# Importance sampling

In [1]:
%matplotlib notebook

import numpy as np
import scipy
import scipy.stats

import matplotlib.pyplot as plt
import seaborn as sns

sns.set_style('darkgrid')
np.random.seed(42)

The goal of importance sampling is to reduce the variance of the approximation error made when approximating an expected value with Monte Carlo integration.

## Problem

Given a function $f(X)$ with a random variable $X$ coming from a distribution $p$: $X \sim p$. Approximate the expected value $\mathop{\mathbb{E}}(f(X))$ by sampling from $p$:

$$\mathop{\mathbb{E}}(f(X)) = \frac{1}{n} \sum_{i=1}^{n} f(X_i) \quad X_i \sim p$$

However, what if we can't sample efficiently from the true distribution $p$?

However if we can sample effeciently from an approximating distribution $q$ we can aproximate $\mathop{\mathbb{E}}(f(X))$ and even get a better estimator than sampling from the true distribution $p$.

## Solution

If $p$ and $q$ are densities we can write:

$$\mathop{\mathbb{E}}(f(X)) =
\int f(x)p(x)dx =
\int f(x)\frac{p(x)}{q(x)}q(x)dx$$

With the constraint that if $q(x) = 0$ than $p(x) = 0$.

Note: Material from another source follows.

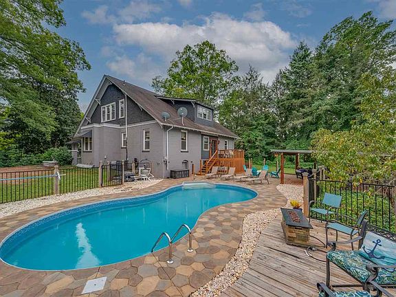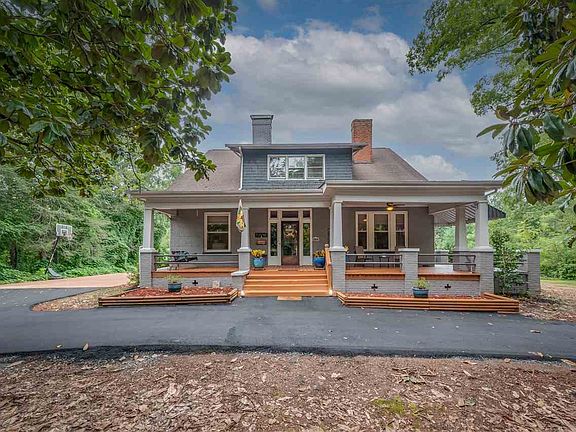 Grand 4/5BR historic home on 4 acres. Solid double brick construction. Very livable family home that is warm & inviting w/room for everyone. Home has been lovingly cared for! Remodeled/upgraded by current owners in 2013 & lots of improvements since! House sits back off of road w/circular driveway just (newly paved 9/21). Relaxing old fashion front porch. Large open rooms throughout, 10' ceilings, wood floors, LR w/FP, DR w/FP, Butler's pantry w/wine & beverage coolers, totally remodeled kitchen w/center island, laundry room/walk-in pantry, breakfast room w/pass-thru, 1st floor main bedroom w/remodeled bathroom suite, den/office, 3BR's & media room w/bar upstairs (originally the 5th BR & a separate sewing room), walk-in attic space, and so much more. Upstairs heat pump is 2 years old. Walk-in cellar used as a workshop. Heated inground pool installed 5/18. Great covered entertainment area perfect for large gatherings. Basketball court/area. Wonderful lot. This home is truly a must see!
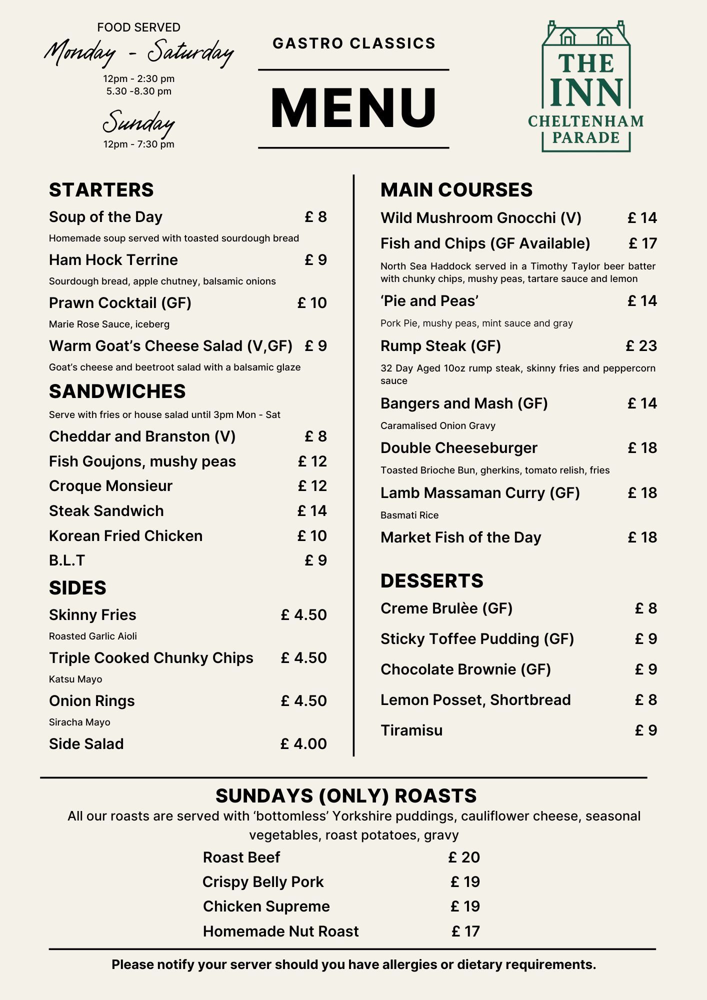 Sundays are all about comfort — generous roast dinners served with bottomless Yorkshire puddings, cauliflower cheese, roast potatoes and proper gravy. Whether you go for roast beef, crispy belly pork, or our homemade nut roast, you’ll find all the warmth and tradition of a classic Yorkshire Sunday.

We can approximate this by:

$$\mathop{\mathbb{E}}(f(X)) \approx \frac{1}{n} \sum_{i=1}^{n} f(X_i) \frac{p(X_i)}{q(X_i)} \quad X_i \sim q$$

Which is the importance sampling trick where our importance weights can be written as $w(x) = \frac{p(x)}{q(x)}$ and we approximate:

$$\mathop{\mathbb{E}}(f(X)) \approx \frac{1}{n} \sum_{i=1}^{n} f(X_i) w(X_i) \quad X_i \sim q$$

 
## Algorithm

1. Draw $n$ samples from $q$
2. Calculate the probability $q(x)$ of each sample
3. Evaluate $p$ over the $n$ samples
4. Calculate the importance weights $w = \frac{p}{q}$
5. Draw $n$ samples from $p$ with new weights $w$

In [2]:
nb_samples = 10000
target_pdf = lambda x: scipy.stats.beta.pdf(x, 2, 11)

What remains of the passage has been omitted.